═════ Dataset excerpts ═════

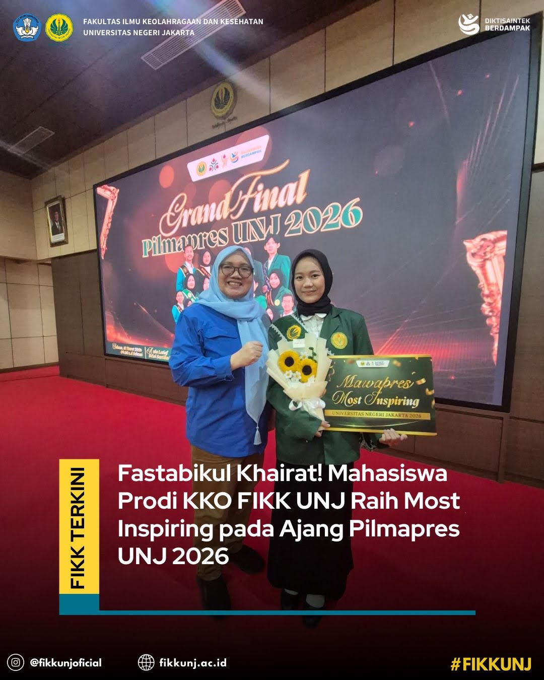 JAKARTA — Prestasi membanggakan kembali ditorehkan oleh mahasiswa Fakultas Ilmu Keolahragaan dan Kesehatan (FIKK) Universitas Negeri Jakarta (UNJ). Pada ajang bergengsi Pemilihan Mahasiswa Berprestasi (Pilmapres) tingkat universitas tahun 2026, Fastabikul Khairat, mahasiswa dari Program Studi Kepelatihan Olahraga (KKO), sukses meraih penghargaan sebagai Most Inspiring Student (Mahasiswa Paling Menginspirasi). Keberhasilannya ini menambah daftar panjang mahasiswa FIKK yang mampu bersinar tidak hanya di lapangan, tetapi juga di mimbar akademik.
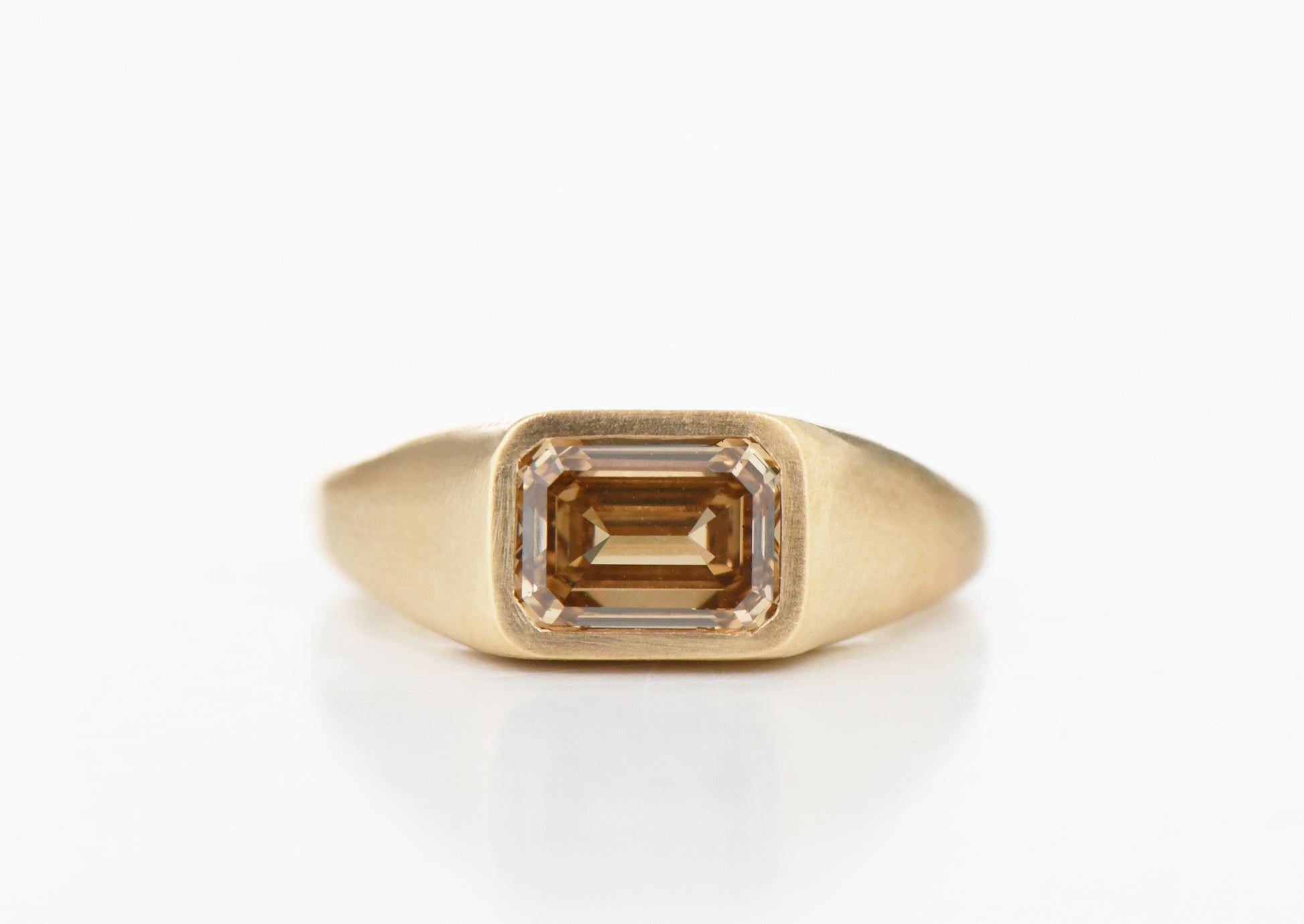 Large geometric emerald cut champagne diamond set in 18ct yellow gold. Classic bezel setting with tapered shoulders, flattened band and SB hallmarking at rear.
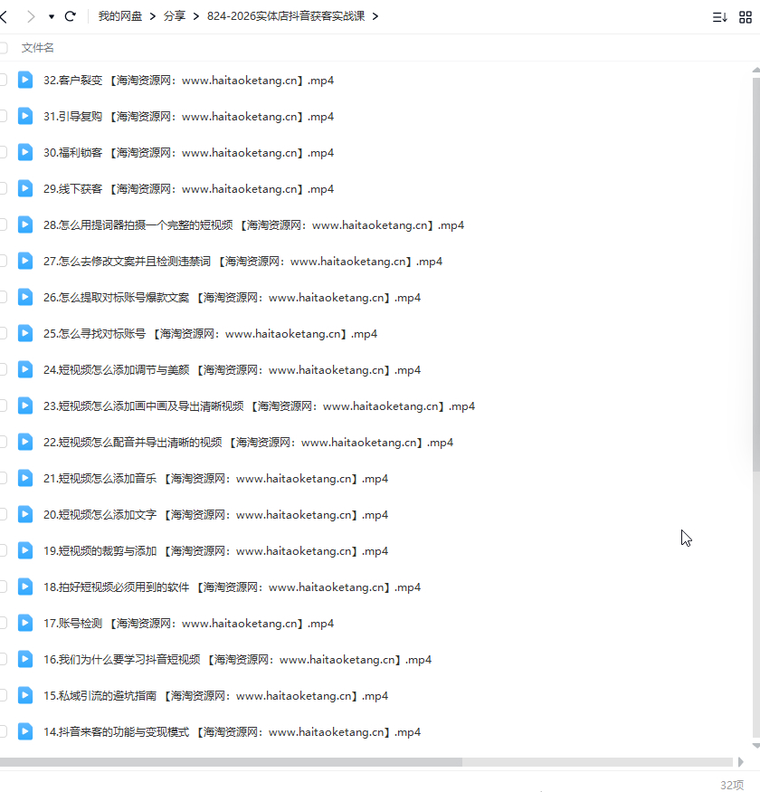 2026实体店抖音获客实战课,拍出能卖货的短视频,32节视频课教你你入门先搞懂变现密码和成交视频框架,再学拍摄技巧、引爆同城流量。你会掌握矩阵打法、企业号功能,连私域引流怎么避坑都讲透。更有剪辑、文案、提词器这些实操技能,学了就能用。这套课就是要帮你把抖音变成全天候的获客引擎,让老客复购、新客自来。现在开始,用抖音抢回生意主动权。
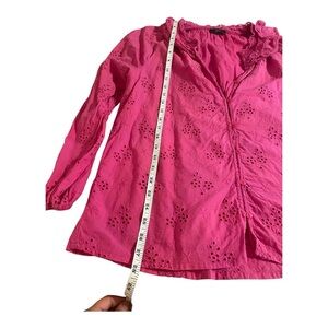 This elegant J. Crew blouse in a vibrant pink hue features a stylish ruched and ruffled design, complemented by a distinctive bib collar. Crafted for a sophisticated look, it offers a comfortable fit perfect for both casual and formal occasions.
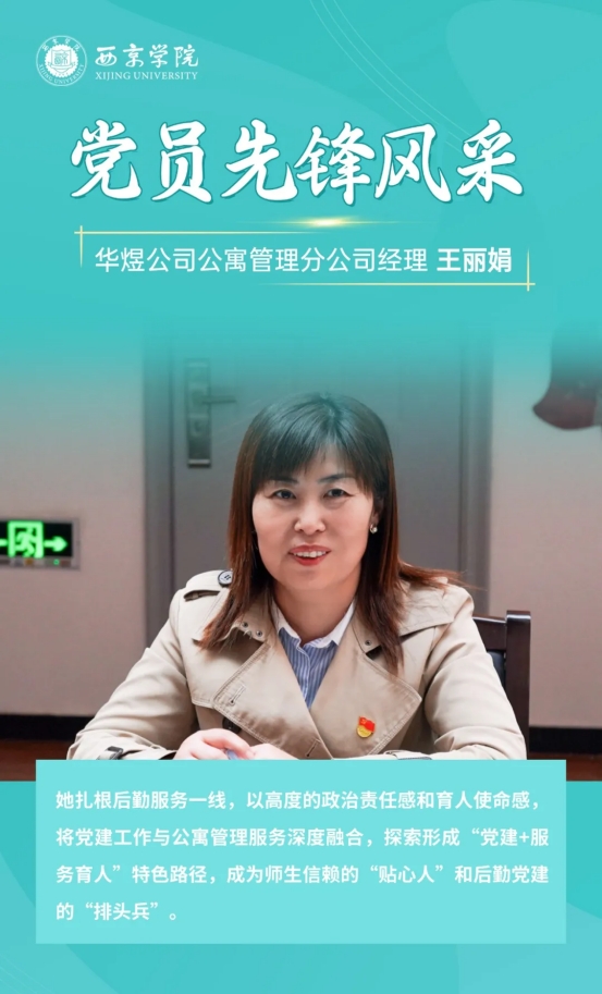 作为一名有着24年党龄的老党员,王丽娟始终以身作则、率先垂范。她坚持每周深入学生宿舍,年均走访谈话300余次,及时解决学生急难愁盼问题;她推动建立“党员联系宿舍”制度,组织党员与困难学生结对帮扶,传递组织温暖。个人先后荣获“陕西省高校公寓服务标兵”“校级思想政治工作先进个人”等荣誉,用实际行动诠释了“一个党员就是一面旗帜”的深刻内涵。
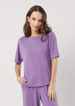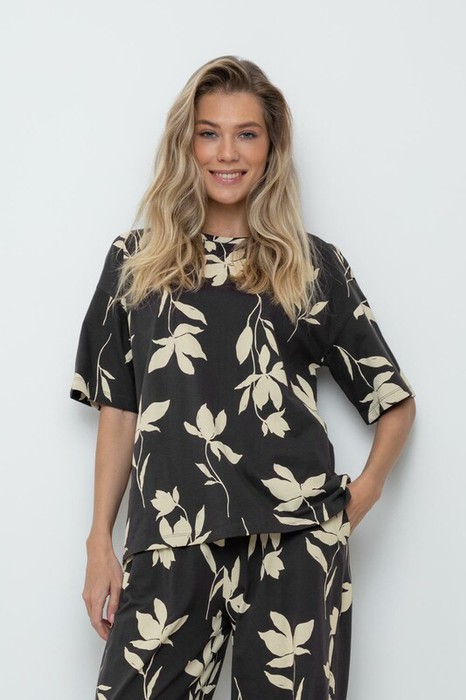 Свободная футболка из набивного трикотажа супрем. Спущенное плечо придает изделию свободный силуэт.

═════

Goal of the exercise:
From the first line of the records through the line containing "作为一名有着24年党龄的老党", please output exactly those lines and nothing more, leaving out the pictures.

The answer:
 JAKARTA — Prestasi membanggakan kembali ditorehkan oleh mahasiswa Fakultas Ilmu Keolahragaan dan Kesehatan (FIKK) Universitas Negeri Jakarta (UNJ). Pada ajang bergengsi Pemilihan Mahasiswa Berprestasi (Pilmapres) tingkat universitas tahun 2026, Fastabikul Khairat, mahasiswa dari Program Studi Kepelatihan Olahraga (KKO), sukses meraih penghargaan sebagai Most Inspiring Student (Mahasiswa Paling Menginspirasi). Keberhasilannya ini menambah daftar panjang mahasiswa FIKK yang mampu bersinar tidak hanya di lapangan, tetapi juga di mimbar akademik.
 Large geometric emerald cut champagne diamond set in 18ct yellow gold. Classic bezel setting with tapered shoulders, flattened band and SB hallmarking at rear.
 2026实体店抖音获客实战课,拍出能卖货的短视频,32节视频课教你你入门先搞懂变现密码和成交视频框架,再学拍摄技巧、引爆同城流量。你会掌握矩阵打法、企业号功能,连私域引流怎么避坑都讲透。更有剪辑、文案、提词器这些实操技能,学了就能用。这套课就是要帮你把抖音变成全天候的获客引擎,让老客复购、新客自来。现在开始,用抖音抢回生意主动权。
 This elegant J. Crew blouse in a vibrant pink hue features a stylish ruched and ruffled design, complemented by a distinctive bib collar. Crafted for a sophisticated look, it offers a comfortable fit perfect for both casual and formal occasions.
 作为一名有着24年党龄的老党员,王丽娟始终以身作则、率先垂范。她坚持每周深入学生宿舍,年均走访谈话300余次,及时解决学生急难愁盼问题;她推动建立“党员联系宿舍”制度,组织党员与困难学生结对帮扶,传递组织温暖。个人先后荣获“陕西省高校公寓服务标兵”“校级思想政治工作先进个人”等荣誉,用实际行动诠释了“一个党员就是一面旗帜”的深刻内涵。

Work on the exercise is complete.